Worst case scenario, the Silver Vipers found me first.
One moment, the Vipers were terrifyingly silent; the next, a wall of snarls roared from behind me. Men shifted into wolves, sprinting toward Vex’s voice. Wolves looking for mates became vile and vicious monsters, biting and snapping at each other’s necks.
A woman screamed from my left, a Viper dragging her frail and naked body by the hair. I closed my eyes again, shook my head from side to side, inhaled heavy smoke, desperate to figure out a way back home, to get there in one piece, to live through the night. The Chaos hadn’t come for so long, wolves were too hyped up on adrenaline.
The forest became unbearably hot, fog mixing with smoke and blazing orange flames. My arms, legs, and body needed to shift. I needed to run. To find peace. To find him. Mate. I needed my mate. I wanted my—
No. No. No. No. No.
Shaking my head to rid myself of the thought, I opened my eyes. A Viper stood inches from me, in wolf form, canines dripping in blood and black eyes focused on my body. I screamed, but the sound was drowned out by the roar of wolves.
Before I could shift, the wolf lunged at me and knocked me onto my back. With his mouth latched into my shin, I scrambled back on my hands and heels, then smashed my foot into his snout. Almost as quickly as I pushed him away, he came back, twice as hard, ripping some flesh out of my calf and dropping it to the ground.
Another Viper approached me from the right. Three warrior wolves from my pack ran by me toward a Viper, and I screamed out for them. No, I wasn’t helpless but I couldn’t defeat a single Viper alone. Vex, his crew, and I had tried it before, and we failed. More than once.

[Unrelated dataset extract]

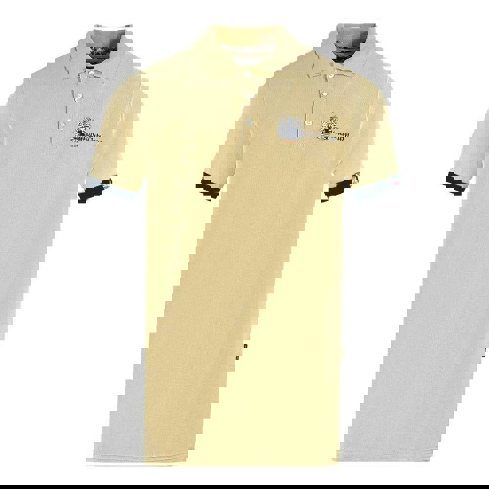 Crafted from a cotton-rich blend with added elastane, this Aquascutum London Aldis polo shirt offers a regular fit with a clean, structured look. The beige base is finished with a printed design, keeping the style distinctive while remaining easy to wear for everyday outfits.
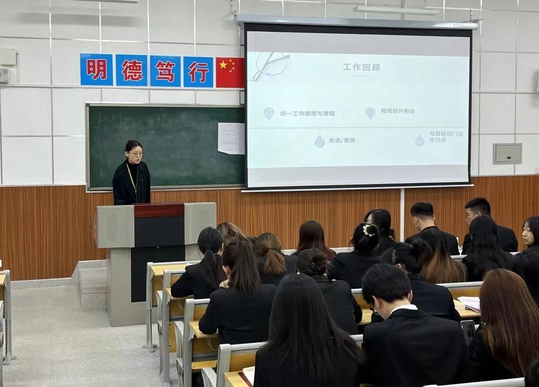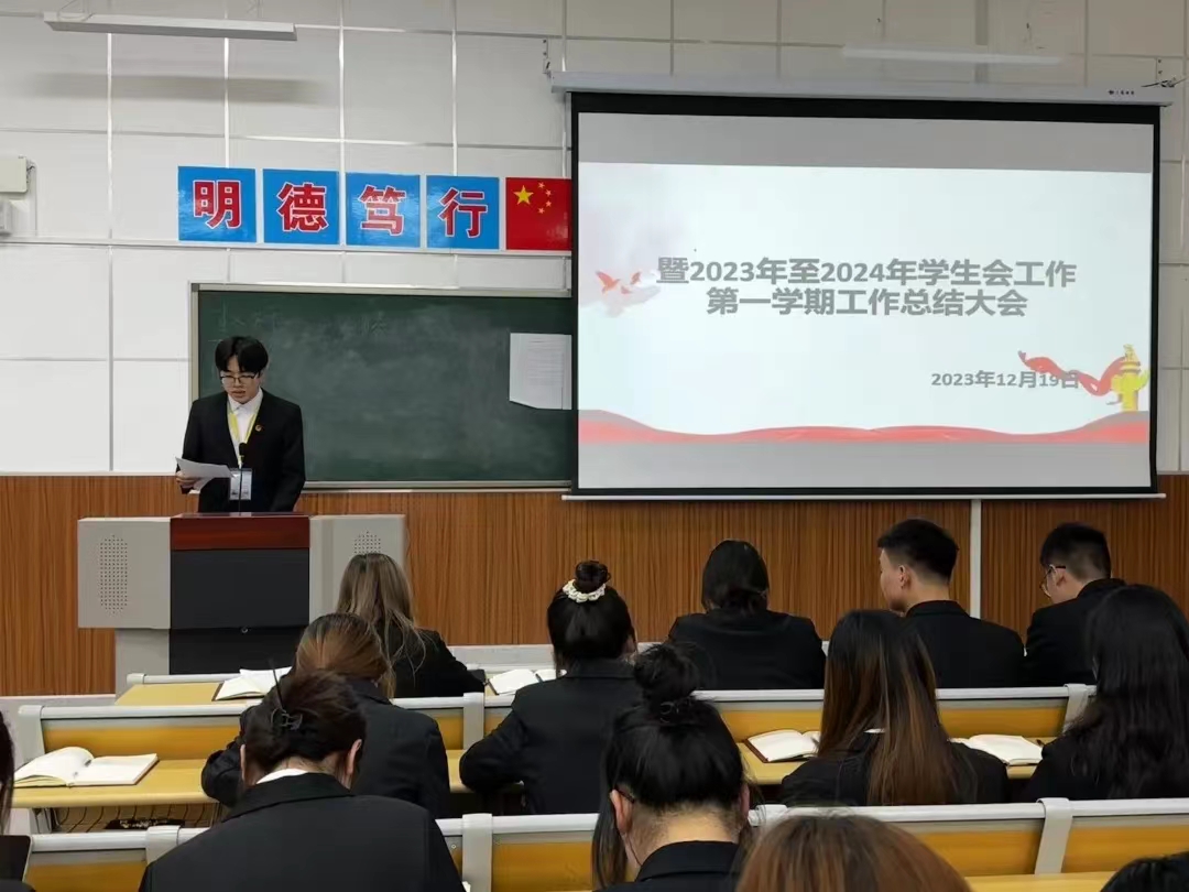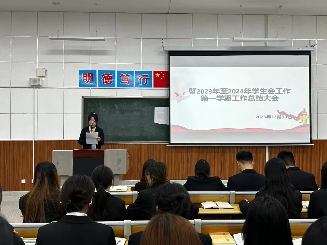 为回顾总结过去一学期学生会及相关部门的工作,深入剖析存在的问题,全面提升学生会工作能力,更好服务学生,beat365中文唯一官网于12月19日召开2023—2024届学生会第一学期工作总结大会。会议由主席团成员苏可心主持,beat365中文唯一官网全体学生会干部以及学生会代表参加。

“Help!” I shouted. “Please!”
Saif, our beta, glanced over at me, then a woman—not even from our pack—yelled for him.
And he left me.
He fucking left me to die.
I was an outcast to him, to all of them, and I always would be.
Alpha Maddox had made sure of it.
But I wasn’t going out without a fight. I grasped Jack Robert’s canine in one hand and hurled it into the Viper’s neck along with my claws, slashing his throat. It still wasn’t enough. He advanced further onto me, his paws on either side of my head, his tongue all over my neck, his hot breath on my face, and all his blood pouring out onto me.
I kicked. I punched. I clawed.
Nothing.
The scent of butterscotch drifted through my nostrils again. Adrenaline rushed through my body. I twisted my head from side to side, desperate to see who the sweet smell belonged to before this Viper killed me here. In the very last moment of my life, I suddenly wanted to know who my mate was.
Warmth erupted through my chest as I continued to fight off the beast, the smell becoming overwhelming. Everything about it called me to my mate. I wanted him to hold me, to tell me that things were going to be okay, to be the first person to ever love me.
Because nobody ever had.
And if this monster killed me, nobody ever would.
A growl ripped through the forest, and I nearly stopped moving for a moment. It sounded so… so… delightful in my ears.
After pushing the Viper away one last time, I turned my head just enough to see the one man who I hated the most, standing a few feet away from me. The red moonlight glimmered against his bare body, the fog hugging his body, and those eyes… those fucking eyes of destruction.
Alpha Maddox.
My mate.
Even though I hated him, I couldn’t stop myself from crying out for him to help me. But he didn’t come, he just stood there staring at me as the wolf inched closer and closer to my neck, canines grazing against my soft spot.
Out of all the damn people I could’ve been mated with, I never wanted it to be Maddox. And this… this proved why. He didn’t care about anyone anymore, especially not a woman like me.
I took back what I said before.
My worst fear wasn’t dying. My worst fear was being mated to Alpha Maddox.